He did his best to honor her training. But that eye-contact thing kept getting in the way. When he turned away from her solicitations, she stopped playing altogether for days. So he started saying things like, “take to Mama.”

No good. Mama doesn’t play right.

Finally, Aries took things into her own paws.

One evening she brought the ball to where my husband and I were watching TV. I grabbed it and tossed it over her head down the hall. She jumped up and ran, skittered and skidded on the tile as it bounced away and I whooped with delight. She returned with the ball, and put it on the sofa where I could find it. Again I tossed it down the hall. Again she ran, skittered and slid. As I whooped and cheered. And a new game was born!

Since then, Aries has taken charge. She puts the ball beside my foot under the breakfast table. Or brings it to where she is noisily chewing her bone.Sometimes she even puts it into my hand.

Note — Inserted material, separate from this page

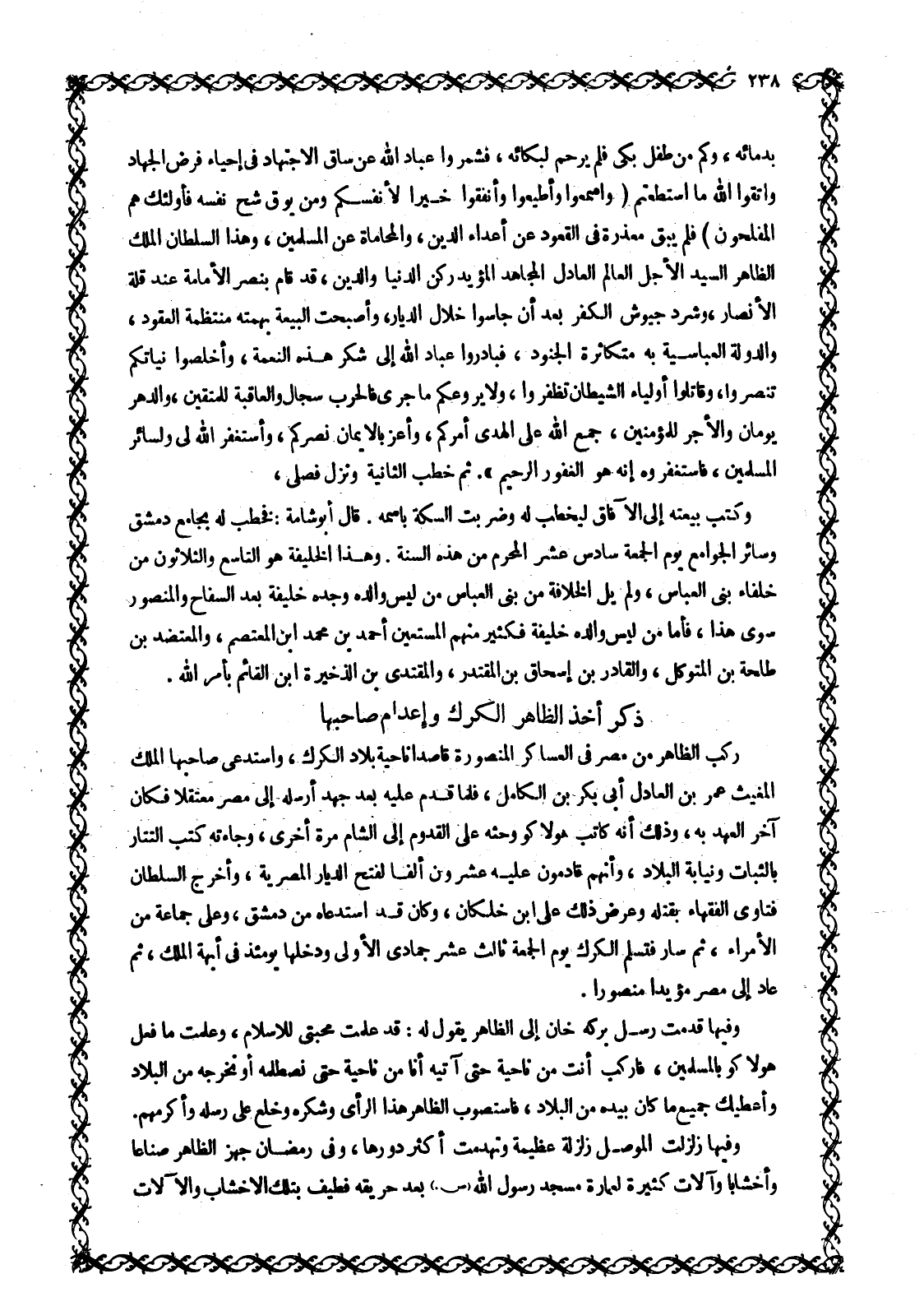 بِدِمَائِهِ، وَكَمْ مِنْ طِفْلٍ بَكَى فَلَمْ يُرْحَمْ لبكائه، فشمروا عباد الله عَنْ سَاقِ الِاجْتِهَادِ فِي إِحْيَاءِ فَرْضِ الْجِهَادِ فَاتَّقُوا اللَّهَ مَا اسْتَطَعْتُمْ 64: 16 وَاسْمَعُوا وَأَطِيعُوا وَأَنْفِقُوا خَيْراً لِأَنْفُسِكُمْ وَمن يُوقَ شُحَّ نَفْسِهِ فَأُولئِكَ هُمُ الْمُفْلِحُونَ 64: 16 فَلَمْ يَبْقَ مَعْذِرَةٌ فِي الْقُعُودِ عَنْ أَعْدَاءِ الدِّينِ، وَالْمُحَامَاةِ عَنِ الْمُسْلِمِينَ، وَهَذَا السُّلْطَانُ الْمَلِكُ الظَّاهِرُ السَّيِّدُ الْأَجَلُّ الْعَالِمُ الْعَادِلُ الْمُجَاهِدُ الْمُؤَيَّدُ رُكْنُ الدُّنْيَا وَالدِّينِ، قَدْ قَامَ بِنَصْرِ الْإِمَامَةِ عِنْدَ قِلَّةِ الْأَنْصَارِ، وَشَرَّدَ جُيُوشَ الْكُفْرِ بَعْدَ أن جاسوا خلال الديار، وأصبحت البيعة بهمته مُنْتَظِمَةَ الْعُقُودِ، وَالدَّوْلَةُ الْعَبَّاسِيَّةُ بِهِ مُتَكَاثِرَةَ الْجُنُودِ، فَبَادِرُوا عِبَادَ اللَّهِ إِلَى شُكْرِ هَذِهِ النِّعْمَةِ، وَأَخْلِصُوا نِيَّاتِكُمْ تُنْصَرُوا، وَقَاتَلُوا أَوْلِيَاءَ الشَّيْطَانِ تَظْفَرُوا، وَلَا يُرَوِّعُكُمْ مَا جَرَى فَالْحَرْبُ سِجَالٌ وَالْعَاقِبَةُ للمتقين، والدهر يومان والأجر للمؤمنين، جميع اللَّهُ عَلَى الْهُدَى أَمْرَكُمْ، وَأَعَزَّ بِالْإِيمَانِ نَصْرَكُمْ، وأستغفر الله لي وَلِسَائِرِ الْمُسْلِمِينَ، فَاسْتَغْفِرُوهُ إِنَّهُ هُوَ الْغَفُورُ الرَّحِيمُ» . ثُمَّ خَطَبَ الثَّانِيَةَ وَنَزَلَ فَصَلَّى، وَكَتَبَ بَيْعَتَهُ إِلَى الْآفَاقِ لِيُخْطَبَ لَهُ وَضُرِبَتِ السِّكَّةُ بِاسْمِهِ. قَالَ أَبُو شَامَةَ: فَخُطِبَ لَهُ بِجَامِعِ دِمَشْقَ وَسَائِرِ الْجَوَامِعِ يَوْمَ الْجُمُعَةِ سَادِسَ عَشَرَ الْمُحَرَّمِ مِنْ هَذِهِ السَّنَةِ. وَهَذَا الْخَلِيفَةُ هُوَ التَّاسِعُ وَالثَّلَاثُونَ مِنْ خُلَفَاءِ بَنِي الْعَبَّاسِ، وَلَمْ يَلِ الْخِلَافَةَ مِنْ بَنِي الْعَبَّاسِ مَنْ لَيْسَ وَالِدُهُ وَجَدُّهُ خَلِيفَةً بَعْدَ السَّفَّاحِ وَالْمَنْصُورِ سِوَى هَذَا، فَأَمَّا مَنْ لَيْسَ وَالِدُهُ خَلِيفَةً فَكَثِيرٌ مِنْهُمُ المستعين أحمد بن محمد ابن الْمُعْتَصِمِ، وَالْمُعْتَضِدُ بْنُ طَلْحَةَ بْنِ الْمُتَوَكِّلِ، وَالْقَادِرُ بْنُ إِسْحَاقَ بْنِ الْمُقْتَدِرِ، وَالْمُقْتَدِي بْنُ الذَّخِيرَةِ ابن الْقَائِمِ بِأَمْرِ اللَّهِ.
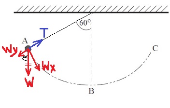1. נערוך תרשים כוחות לכוחות הפועלים על הגוף כאשר הוא נמצא בנקודה A .

And as for the squeaky toy, Aries runs to get it, prances about sounding her whereabouts, and lets me “sneak” up on her to grab it and run away.

Genius! pure genius!

So yes, Aries and I share lovely moments of togetherness as I brush her each morning. And yes, we enjoy a good walk, and a cozy snuggle. But holy cow, watch out when it’s time to play! You just might learn something!

Aries Goes to Shul

Today Aries attended her first Morning Minyan at the synagogue. We hitched a ride with S as usual, walked up the long wheelchair ram which Aries targeted spot on, and entered the building without any problems. Aries led the way to the sanctuary, and then to my seat–expertly following each command.

How sweet to be back inside the sanctuary, to hush myself when readying for prayer, to feel the rhythm of Hebrew syllables washing me clean through.

And Aries behaved perfectly. She settled down at my feet, and rested quietly the entire time. Even as I stood and bowed and sat again, my feet not quite comfortably positioned around her, Aries kept still.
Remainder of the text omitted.